1. When appropriate, use a JSON schema to validate the input. However, this may not always be the right tool:
1. The JSON schema may not be available.
1. Constructing a JSON schema may be difficult when the input data is generated by a 3rd-party component.
1. JSON schema validation may have a significant runtime cost, especially for large documents with a complex schema.
1. Leverage the fact that some JMESpath expressions are invalid, e.g., `to_number('bad')` would raise an error. However, this is a kludgy workaround.

```
((status == 'up') && `1`) || ((status == 'down') && `0`) || to_number('bad')
```

Another option is to fork. It's very easy to fork `go-jmespath` and add a new `error()` function. This can be done in less than 20 lines, but it's not possible to do it without maintaining a fork. Forking projects comes with its own set of problems with few benefits to the community.

Another approach would be to support function extensibility in the JMESpath specification. This is similar to what exists in many Domain Specific Languages (DSL) such as OData, rule-based languages and static analysis tools. In these DSLs, the user can define custom functions to solve domain-specific problems. The JMESpath libraries would allow users to add functions without forking the git repos.

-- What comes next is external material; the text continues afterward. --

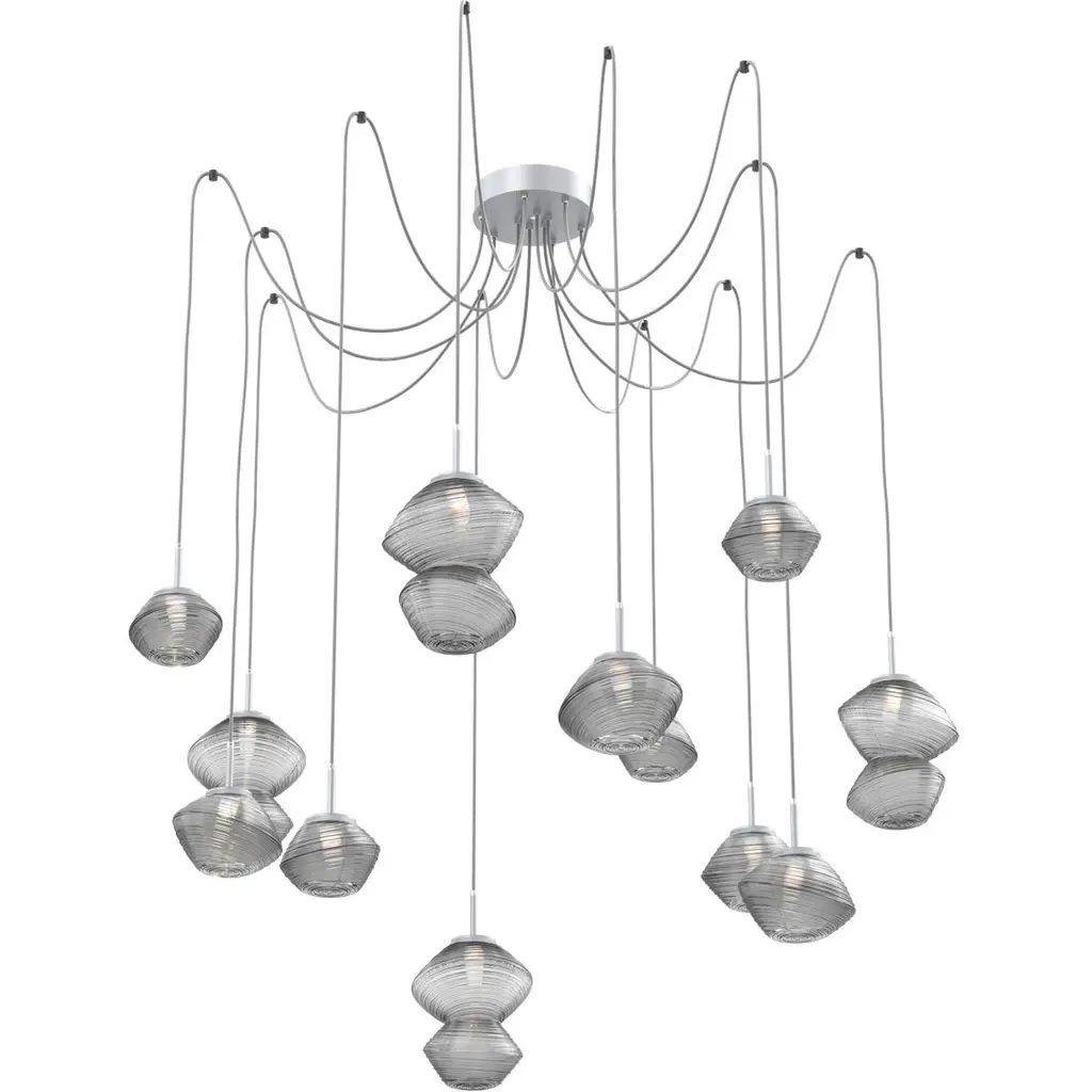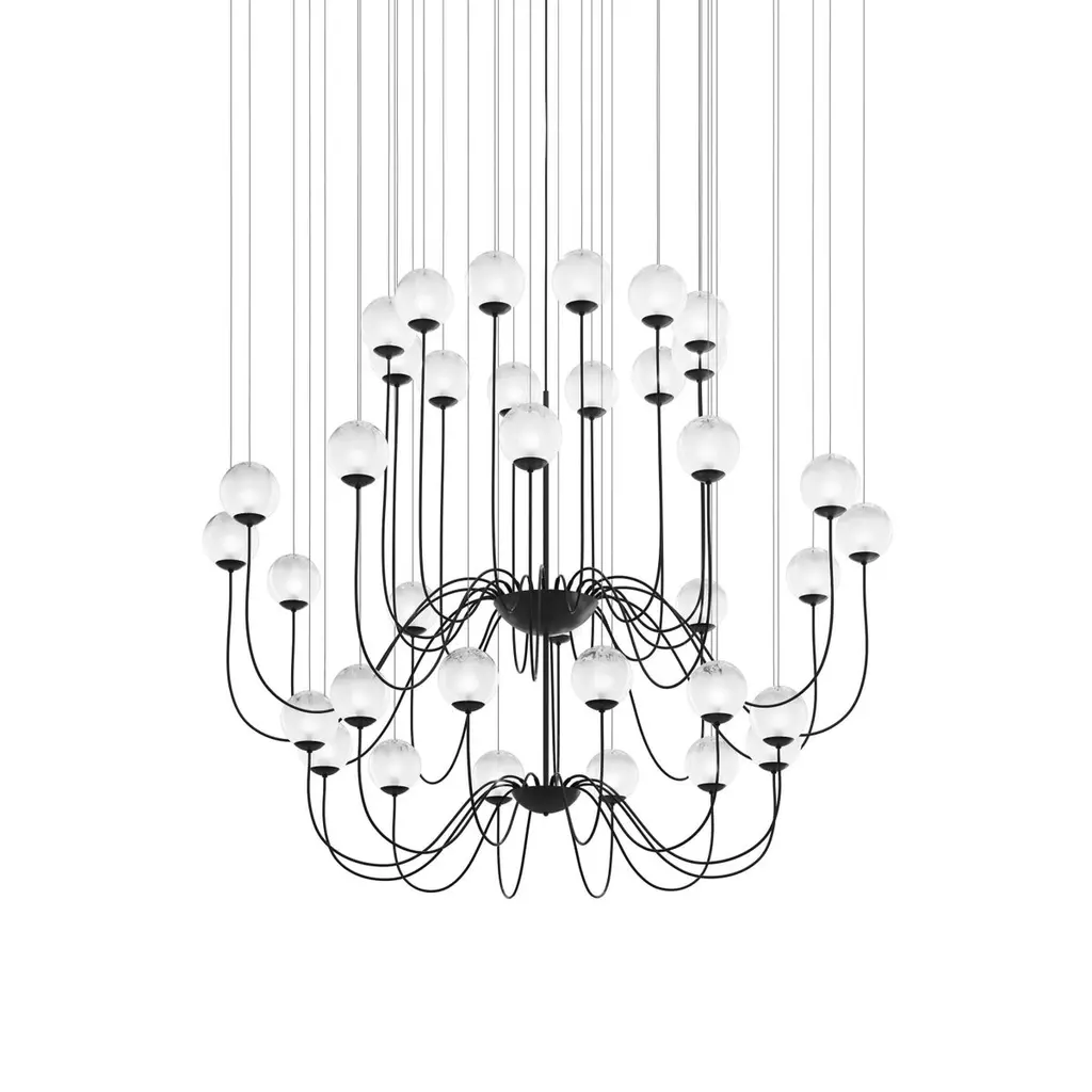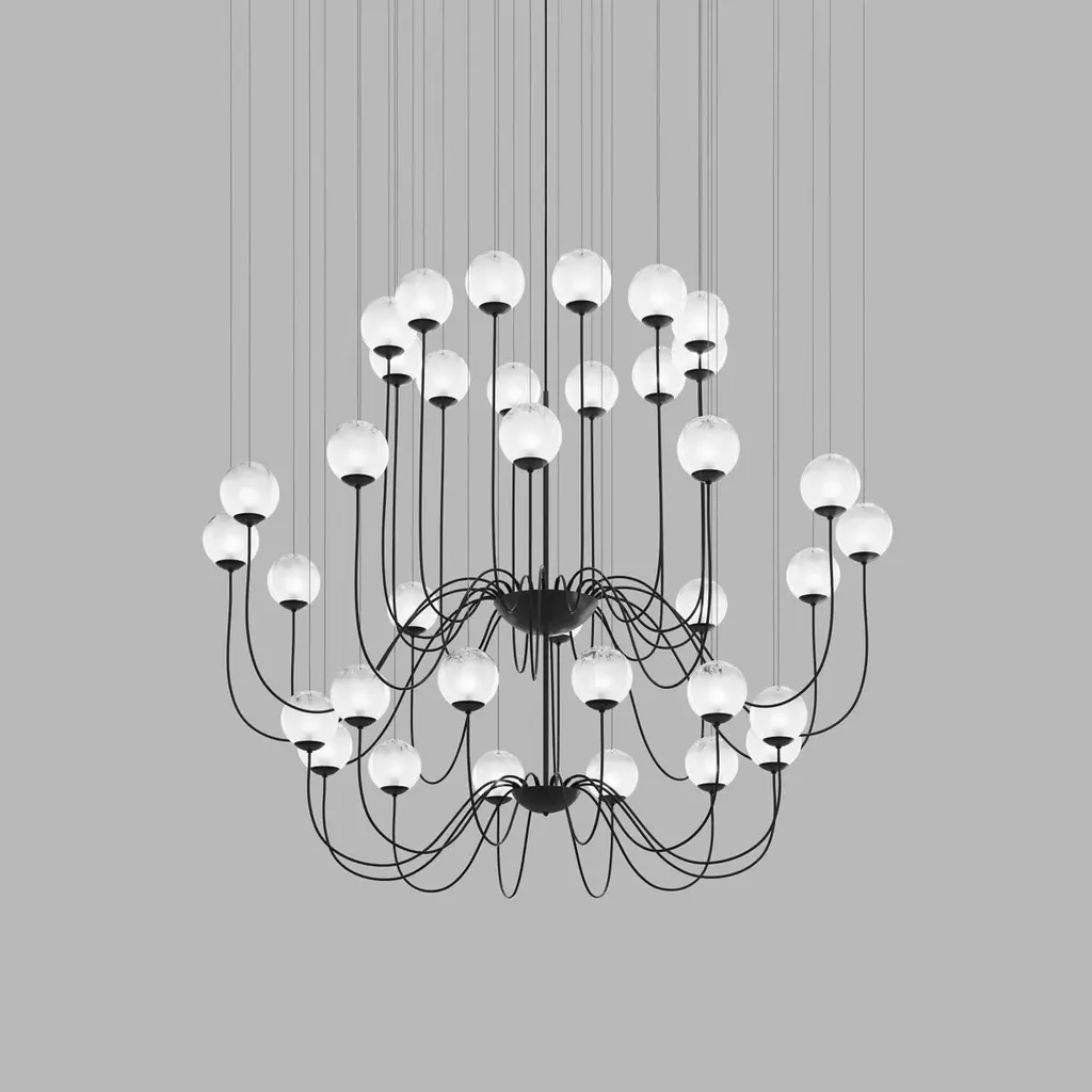 Collection of lamps with a blown and irregular striped glass diffuser. The three sizes of the spheres and the different cable heights are designed to create elegant compositions. The chandelier version allows to fix the diffusers with steel cables to the ceiling, creating different games.Specifications:Material: GlassLight source: G9 ULNo of bulbs: 36×20W G9 UL (120V/60HZ)Dimmer: DIM 1Year: 2015Glass finish: White ShadedFrame finish: Matt black 1Dimensions: Ø 190 x 180 H cmCable length: 160 cmAvailable in other glass finish options: Amber Transparent, Crystal Transparent, Smoky Transparent, Multicolor 1, Multicolor 2, Multicolor 3Available in other frame finish option: Glossy ChromePlease inquire about customization options.

Yet another approach is to return a JSON document which is unique enough across all the JMESpath expression in the ETL pipeline to indicate there is an error. For example return `{ "error": "'status' has invalid value: 'degraded'", "path": "status" }`. The caller must somehow determine whether the returned JSON document represents an error or a valid use case. However, in some ETL cases, the JMESpath expression may be used to parse well-formed JSON documents and extract errors, so it can be confusing to distinguish between field extraction problems versus valid input.